■ Records for processing ■
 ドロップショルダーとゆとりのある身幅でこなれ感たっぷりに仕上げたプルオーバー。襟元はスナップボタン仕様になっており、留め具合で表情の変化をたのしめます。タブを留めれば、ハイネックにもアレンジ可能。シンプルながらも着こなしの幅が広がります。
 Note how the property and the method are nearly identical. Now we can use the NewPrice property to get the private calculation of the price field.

==

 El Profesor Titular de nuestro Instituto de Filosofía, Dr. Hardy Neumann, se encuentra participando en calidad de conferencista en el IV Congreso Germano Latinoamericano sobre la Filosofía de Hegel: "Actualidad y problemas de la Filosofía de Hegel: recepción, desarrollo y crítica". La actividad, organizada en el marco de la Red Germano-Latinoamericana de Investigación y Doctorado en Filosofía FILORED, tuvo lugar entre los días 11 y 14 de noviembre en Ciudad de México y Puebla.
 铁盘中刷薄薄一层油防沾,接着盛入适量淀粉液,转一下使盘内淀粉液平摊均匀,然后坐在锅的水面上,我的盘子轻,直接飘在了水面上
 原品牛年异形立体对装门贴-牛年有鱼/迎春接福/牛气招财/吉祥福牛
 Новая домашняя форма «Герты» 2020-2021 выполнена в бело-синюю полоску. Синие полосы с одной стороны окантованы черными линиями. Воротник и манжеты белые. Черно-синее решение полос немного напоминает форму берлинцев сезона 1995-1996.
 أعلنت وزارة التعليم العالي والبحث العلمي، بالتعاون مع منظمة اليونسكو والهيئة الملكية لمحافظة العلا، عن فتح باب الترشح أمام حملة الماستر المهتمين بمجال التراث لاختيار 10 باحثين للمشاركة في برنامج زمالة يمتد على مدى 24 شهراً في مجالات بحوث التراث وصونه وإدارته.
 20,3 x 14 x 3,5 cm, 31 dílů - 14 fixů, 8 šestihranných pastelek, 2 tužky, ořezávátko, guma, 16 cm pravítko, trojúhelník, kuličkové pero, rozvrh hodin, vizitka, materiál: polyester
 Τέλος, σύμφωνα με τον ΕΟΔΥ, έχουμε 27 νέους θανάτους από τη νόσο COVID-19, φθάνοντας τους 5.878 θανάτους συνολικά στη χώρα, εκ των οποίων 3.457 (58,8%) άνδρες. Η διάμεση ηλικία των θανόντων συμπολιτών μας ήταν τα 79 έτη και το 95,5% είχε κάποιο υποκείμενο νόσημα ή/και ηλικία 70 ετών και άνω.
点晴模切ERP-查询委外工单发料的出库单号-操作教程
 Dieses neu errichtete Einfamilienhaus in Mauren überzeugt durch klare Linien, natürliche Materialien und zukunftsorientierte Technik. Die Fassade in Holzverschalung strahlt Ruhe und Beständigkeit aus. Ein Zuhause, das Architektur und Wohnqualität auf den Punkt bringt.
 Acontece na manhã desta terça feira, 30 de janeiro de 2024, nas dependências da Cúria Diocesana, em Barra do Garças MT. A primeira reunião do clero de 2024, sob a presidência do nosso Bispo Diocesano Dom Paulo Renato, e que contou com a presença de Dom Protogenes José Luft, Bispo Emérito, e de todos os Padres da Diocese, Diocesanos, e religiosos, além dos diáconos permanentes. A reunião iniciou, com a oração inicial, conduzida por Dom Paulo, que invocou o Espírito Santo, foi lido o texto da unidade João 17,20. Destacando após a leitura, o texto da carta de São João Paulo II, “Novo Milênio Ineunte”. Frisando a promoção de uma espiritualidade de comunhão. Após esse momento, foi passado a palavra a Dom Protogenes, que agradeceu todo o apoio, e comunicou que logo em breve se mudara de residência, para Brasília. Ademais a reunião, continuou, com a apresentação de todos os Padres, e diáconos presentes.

■ Exercise brief ■
Look back at the entries above. Retype the line with "铁盘中刷薄薄一层油防沾,接着", the line with "20,3 x 14 x", and all lines in between.

■ Written solution ■
 铁盘中刷薄薄一层油防沾,接着盛入适量淀粉液,转一下使盘内淀粉液平摊均匀,然后坐在锅的水面上,我的盘子轻,直接飘在了水面上
 原品牛年异形立体对装门贴-牛年有鱼/迎春接福/牛气招财/吉祥福牛
 Новая домашняя форма «Герты» 2020-2021 выполнена в бело-синюю полоску. Синие полосы с одной стороны окантованы черными линиями. Воротник и манжеты белые. Черно-синее решение полос немного напоминает форму берлинцев сезона 1995-1996.
 أعلنت وزارة التعليم العالي والبحث العلمي، بالتعاون مع منظمة اليونسكو والهيئة الملكية لمحافظة العلا، عن فتح باب الترشح أمام حملة الماستر المهتمين بمجال التراث لاختيار 10 باحثين للمشاركة في برنامج زمالة يمتد على مدى 24 شهراً في مجالات بحوث التراث وصونه وإدارته.
 20,3 x 14 x 3,5 cm, 31 dílů - 14 fixů, 8 šestihranných pastelek, 2 tužky, ořezávátko, guma, 16 cm pravítko, trojúhelník, kuličkové pero, rozvrh hodin, vizitka, materiál: polyester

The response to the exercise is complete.